-- What is required --
Down to the last line, reproduce the data that follows, but skip the pictures.
START Input data
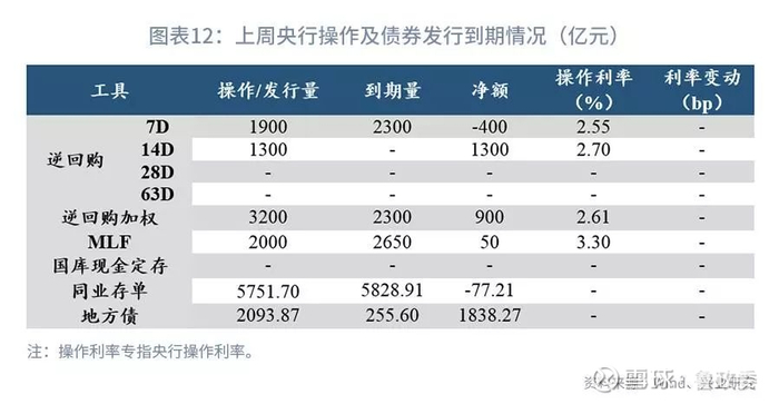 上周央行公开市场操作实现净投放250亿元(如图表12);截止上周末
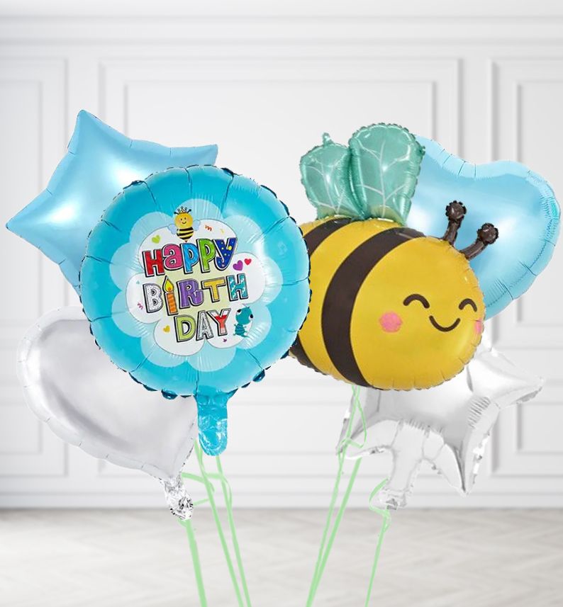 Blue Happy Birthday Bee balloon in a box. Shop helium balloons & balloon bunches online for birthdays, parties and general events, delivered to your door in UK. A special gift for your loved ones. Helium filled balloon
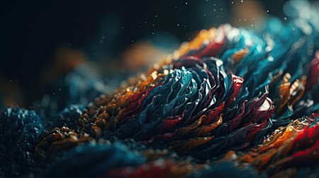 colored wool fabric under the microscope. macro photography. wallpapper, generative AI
END Input data
-- Problem solution --
 上周央行公开市场操作实现净投放250亿元(如图表12);截止上周末
 Blue Happy Birthday Bee balloon in a box. Shop helium balloons & balloon bunches online for birthdays, parties and general events, delivered to your door in UK. A special gift for your loved ones. Helium filled balloon
 colored wool fabric under the microscope. macro photography. wallpapper, generative AI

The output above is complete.